# uhm....wat?



## Aruvia (Aug 29, 2010)

i just found this. i dont really know wat to think.
[video=youtube;JCxZOmSfRGw]http://www.youtube.com/watch?v=JCxZOmSfRGw[/video]


----------



## Aleu (Aug 29, 2010)

I'm afraid. What is it?


----------



## Don (Aug 29, 2010)

I lol'd, then I screamed in terror.


----------



## Jude (Aug 29, 2010)

A fursuit under a zentai suit?
What's the purpose of a zentai suit?


----------



## Citrakayah (Aug 29, 2010)

Well that was disturbing.


----------



## Willow (Aug 29, 2010)

The music is making me feel really awkward. Why are there pictures of zentais suits on the walls?

My eyes are burning.


----------



## 8-bit (Aug 30, 2010)

LOL, porn music


----------



## Eske (Aug 30, 2010)

why. 




Willow said:


> Why are there pictures of zentais suits on the walls?



This was my first thought, as well.
You know things are getting out of hand when you can only imagine decorating your walls with creepy vaguely-sexual snapshots of average people wearing nothing but full-body spandex suits.


----------



## Jude (Aug 30, 2010)

Again, why would someone wear a zentai? This is the first I've heard of it, is there something I'm not getting here?
But then again, I could ask the same thing about fursuits.


----------



## Willow (Aug 30, 2010)

DrumFur said:


> Again, why would someone wear a zentai? This is the first I've heard of it, is there something I'm not getting here?
> But then again, I could ask the same thing about fursuits.
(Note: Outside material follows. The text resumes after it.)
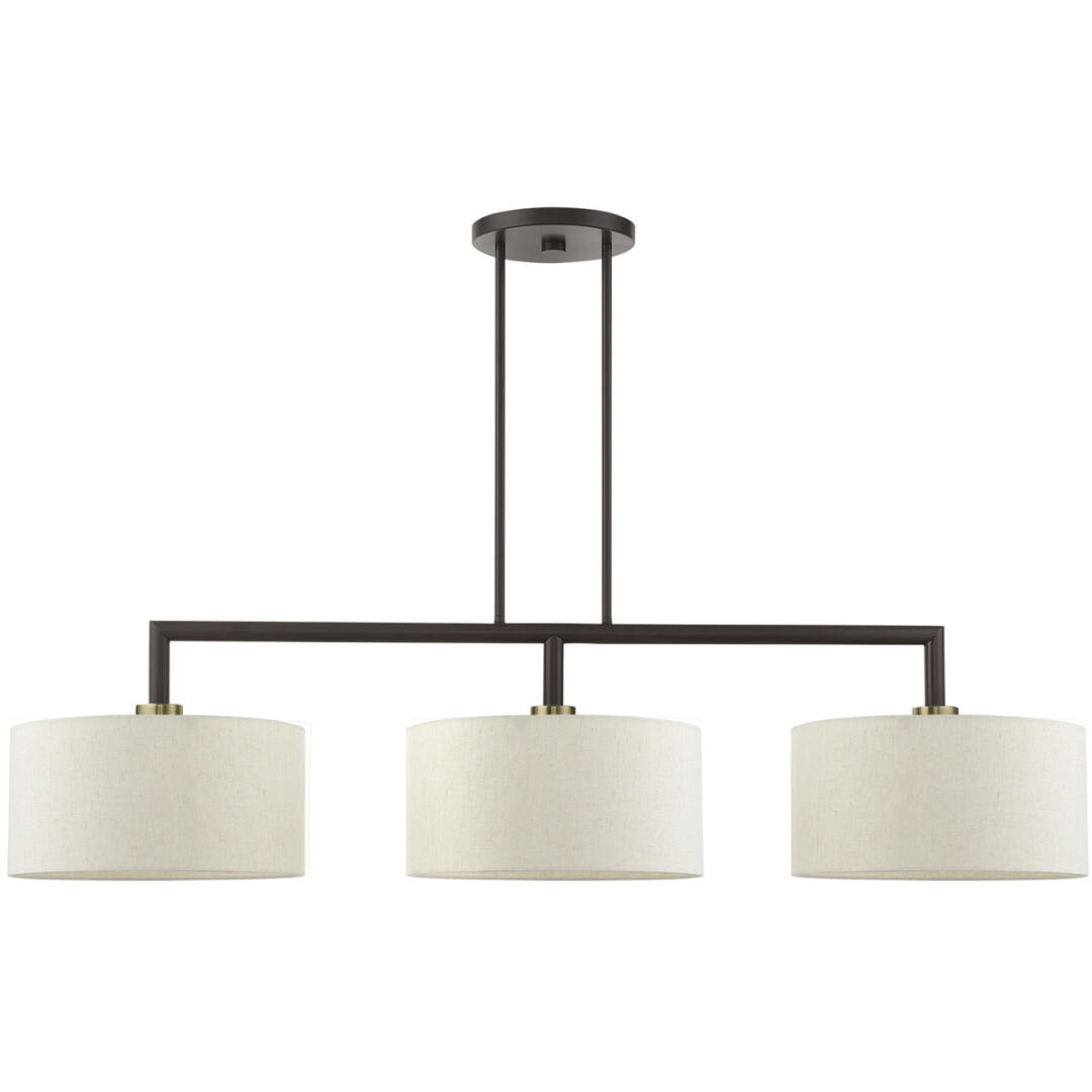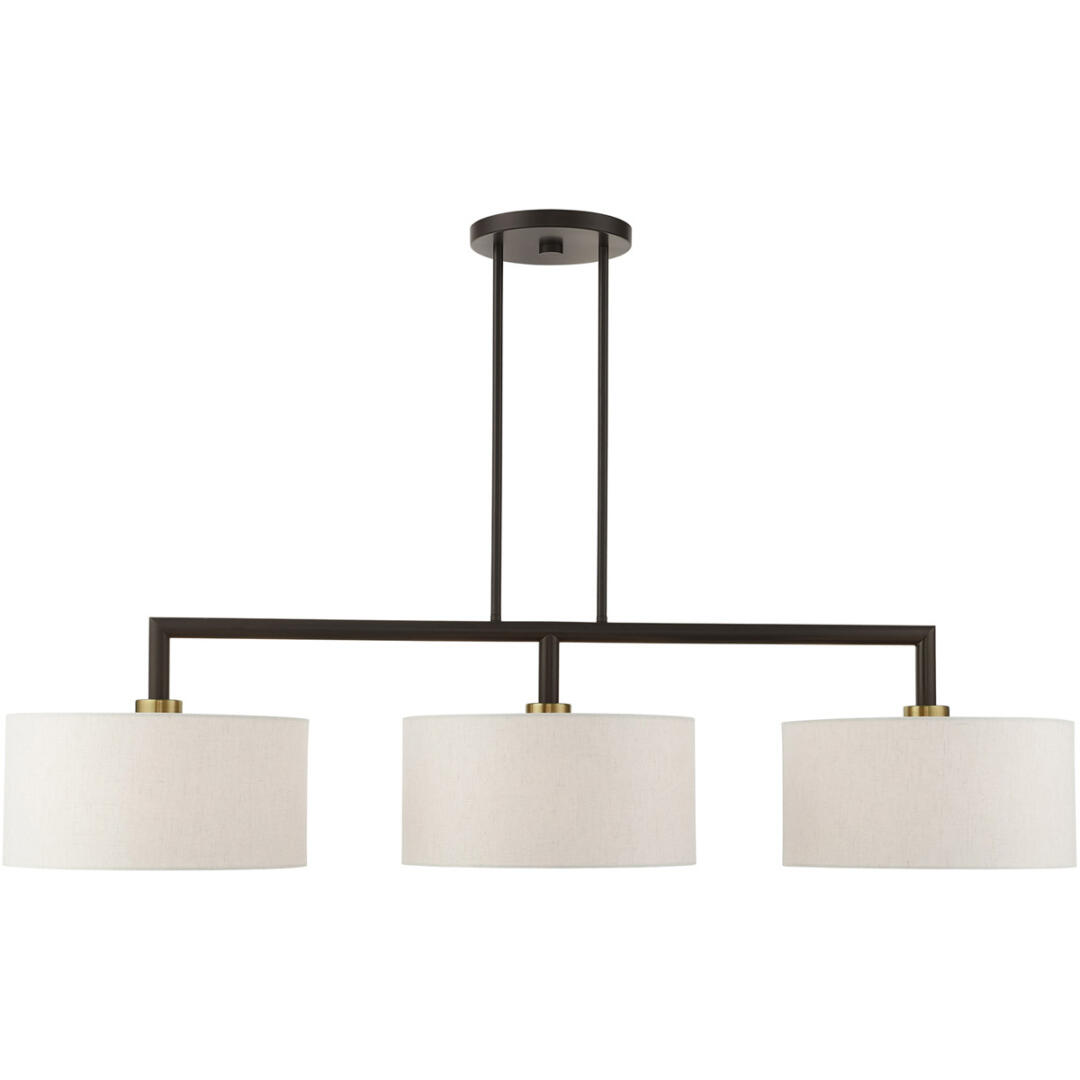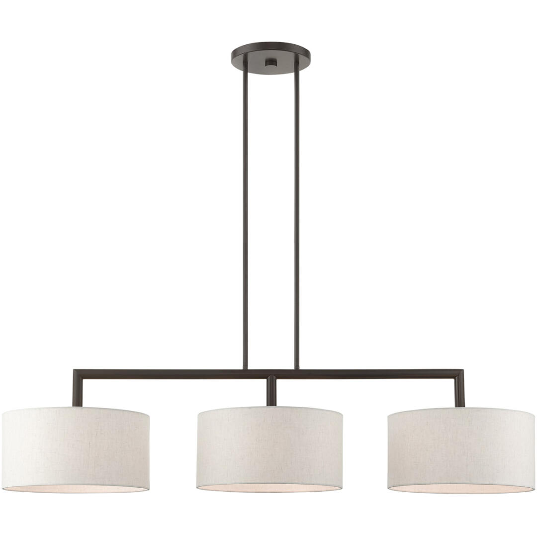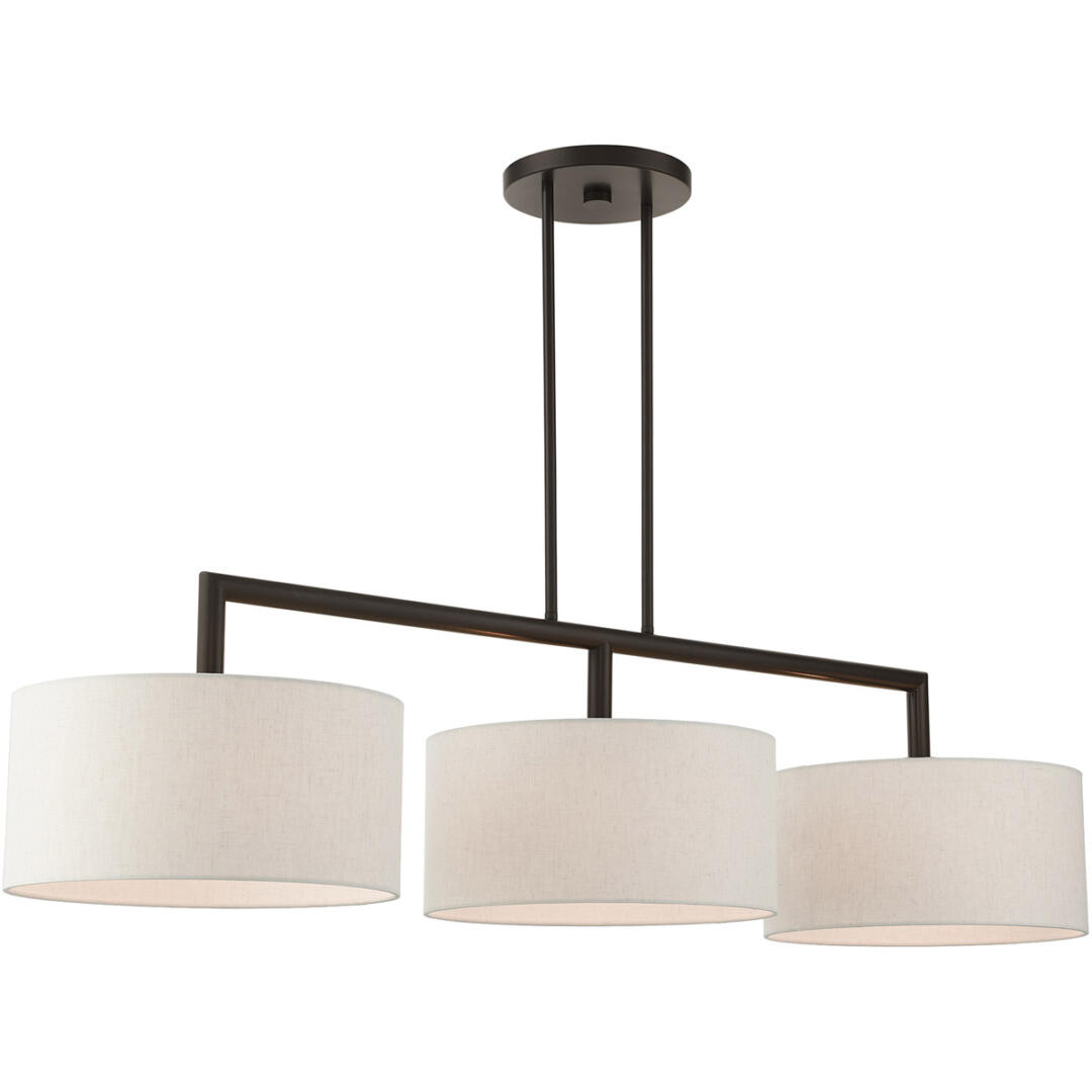 The Monroe collection has a clean, crisp look and contemporary appeal. The hand-crafted oatmeal colored fabric hardback shades offer a diffused warm light. This three-light linear chandelier has a sleek upper frame over the three shades. Will adapt well in the living room, dining room and over the kitchen island tastefully elevating your style. This sleek design is shown in an English bronze finish.

 My question is why would someone wear a zentai suit over a fursuit?

It looked really bulky and I'm pretty sure the person couldn't see out of it, or at least not very well.


----------



## Kiru-kun (Aug 31, 2010)

Willow said:


> Why are there pictures of zentais suits on the walls?



This was my first thought, I couldn't even watch the entire thing,

I'd now like to quote a famous Death Knight, when I say

The *THE* *FUCK*?!!?



Willow said:


> My eyes are burning.




That's just the eye bleach dear, just lean your head back, it will stop burning soon.


/eyebleach
/eye gouge


----------